There are, they say, five windows of opportunity between birth and age four during which sleep training is both doable and easy. “Part of our incentive for starting this book was that a lot of people started Ferberizing at these crazy ages of eight and nine months, and at 18 months, and they said, ‘This strategy doesn’t work. It sucks. It’s terrible,’ ” said Granic in a phone interview from the couple’s Toronto home. “And really, if they’d waited two or three more months, it could’ve worked beautifully for them. We tried to make the book complete,” she adds. “There is a chapter that summarizes the top five sleep training techniques,” including the now famous Dr. Richard Ferber’s method, Jodi Mindell’s Sleeping Through the Night and Marc Weissbluth’s Healthy Sleep Habits, Happy Child.

Parents should select a training method they’re comfortable with. A chart at the back of Bed Timing outlines the optimal windows between birth and age four for applying the technique. For instance, Lewis and Granic say that a newborn younger than 2½ months is too unstable to properly sleep train. “Quite literally, they’re overwhelmed by their emotions,” said Granic. “You’ll see a newborn start to cry and they have no capacity to pull themselves down. They can’t do it.” In the book, the couple suggests instead, “rocking, bouncing, cuddling, and gliding” at this stage. “Anything you do, you can undo with proper sleep training at a later stage of development.” It’s “remarkable,” said Granic, “how nice it is for some parents to hear it’s okay it didn’t work when they first tried it. Most parents are distressed by the fact this feels like it’s going to last forever. A big message from us is just wait for the next stage.”

The first good opportunity for sleep training is between 2½ and four months, they feel. “This is a period of relative stability and resilience,” the authors write. “There is no good reason not to try sleep training at this age if your intuition says ‘go.’ ” When babies are four to 5½ months is not a good time because “at four months, there’s a lot more smiling, giggling, and tickling games are starting to work,” said Lewis. “As your baby learns new interpersonal skills—skills that call for expected responses from you and lead to a stronger bond between you—it’s better not to disturb them until they’ve really begun to solidify.”

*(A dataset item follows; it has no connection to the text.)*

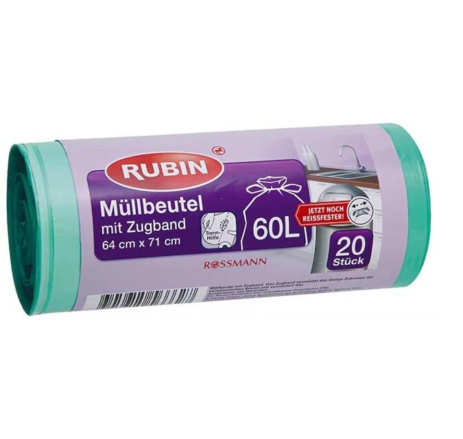 Die RUBIN Müllbeutel 60,0 l in ansprechendem grün sind die ideale Lösung für deine Abfallentsorgung. Mit einem großzügigen Fassungsvermögen von 60,0 Litern bieten diese Müllbeutel ausreichend Platz für eine Vielzahl von Abfällen, sei es im Haushalt, im Büro oder bei Veranstaltungen. Die praktische Verpackungseinheit umfasst 20 Stück, sodass du immer ausreichend Vorrat zur Hand hast.
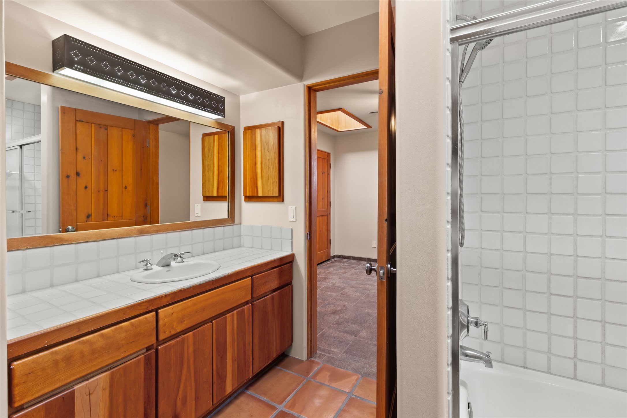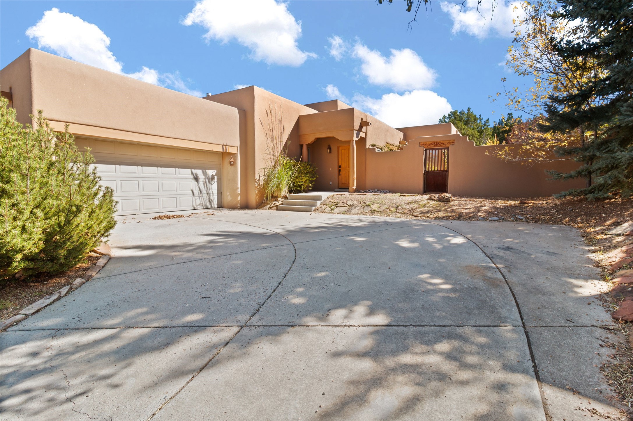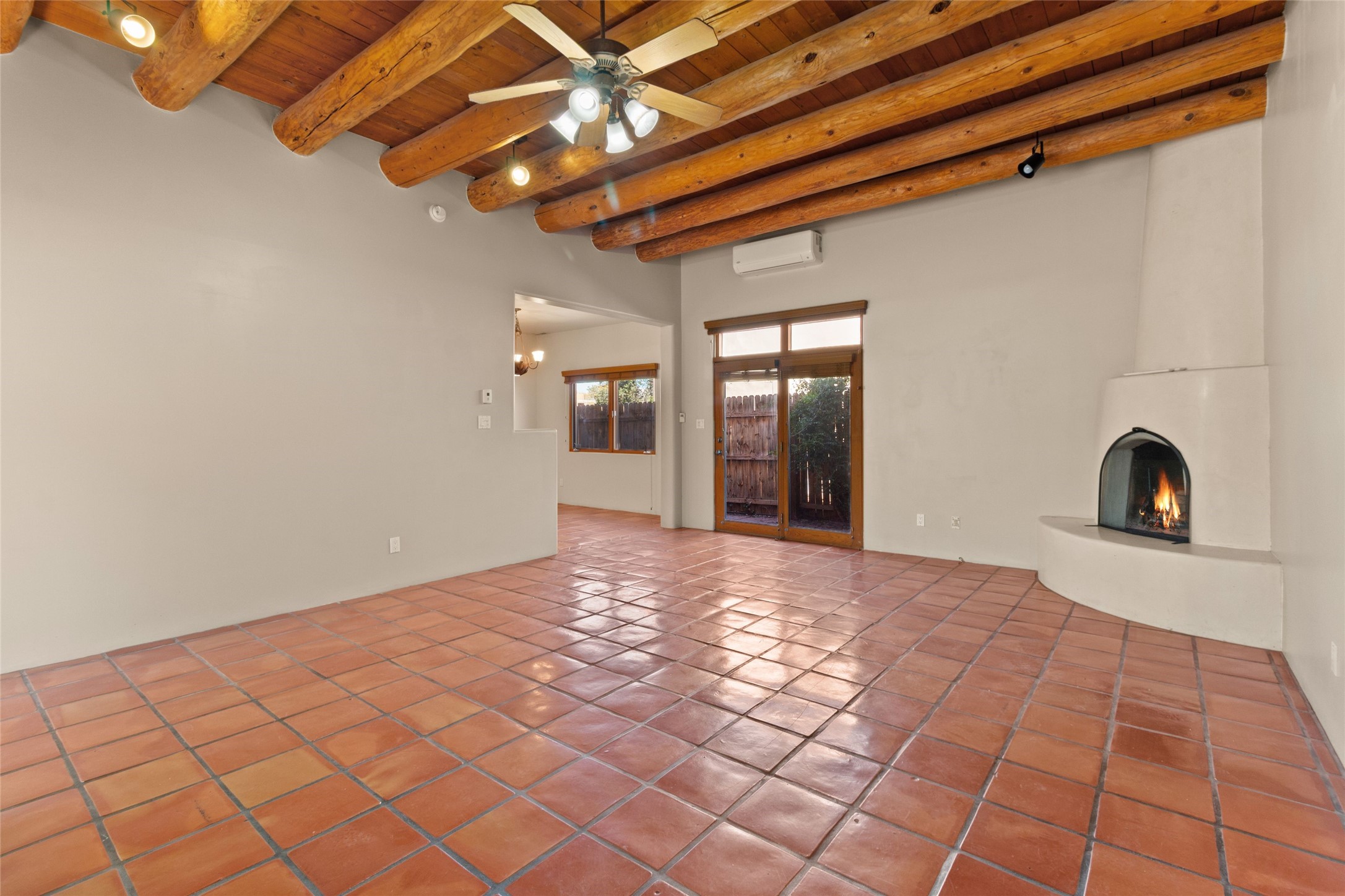 Classic Santa Fe charm meets modern comfort in this beautifully maintained 3-bedroom home spanning 1,907 square feet. Traditional wood vigas, Saltillo tile floors, and a classic kiva fireplace create an authentic Southwestern ambiance throughout. The updated kitchen features stainless steel appliances and opens seamlessly to inviting living and dining spaces -- perfect for both everyday living and entertaining. The home has been thoughtfully upgraded, blending contemporary touches with timeless Santa Fe style. The spacious primary suite offers a private retreat, while the attached 2-car garage adds convenience and functionality. The yard is a private oasis filled with mature rose bushes. Located in a desirable Santa Fe neighborhood of Pueblos del Sol, which has walking paths, parks and playgrounds., this home embodies the best of classic design and modern living.

Personally, Granic and Lewis chose to Ferberize their sons at six months. The couple believe that at 5½ to 7½ months, “babies are engaged with the world of objects around them [more than they are with people] and show almost no sign of separation distress.” It’s an ideal time to sleep train, they say. “To really get a full night’s sleep,” they tell parents, “you’ll need to eliminate night feeding. Try gradually reorganizing your baby’s feeding schedule so that he consumes most of his nourishment during the day.”

The next bad period is eight to 11 months, when “separation now means something to your baby—that you’re not responding to his attempts to bring you back—which can be upsetting and traumatic for your baby, and destructive to your attempts.” Do not sleep train at this age. Instead, “be responsive to your baby’s need,” they write. “This stage will pass!”

The couple notes that some parents feel guilty about any kind of sleep training. “Training is something you do with a pet, after all.” Mothers in particular “are often given the message that their first and only priority should be their child’s happiness”—not their own need for sleep. “We want to dispel this dangerous myth,” they write. “Your sleep is as important as your baby’s.” Says Lewis, “It’s heartbreaking what some people will put up with because they’re really a mess for the first two years of the kid’s life. Our premise is, if you do sleep training well at the right age, it’s going to sink in, and then you don’t have to worry about it for a long time, maybe never. Once kids get in the habit of falling asleep when you want them to, they can stay in that habit for a good long time.”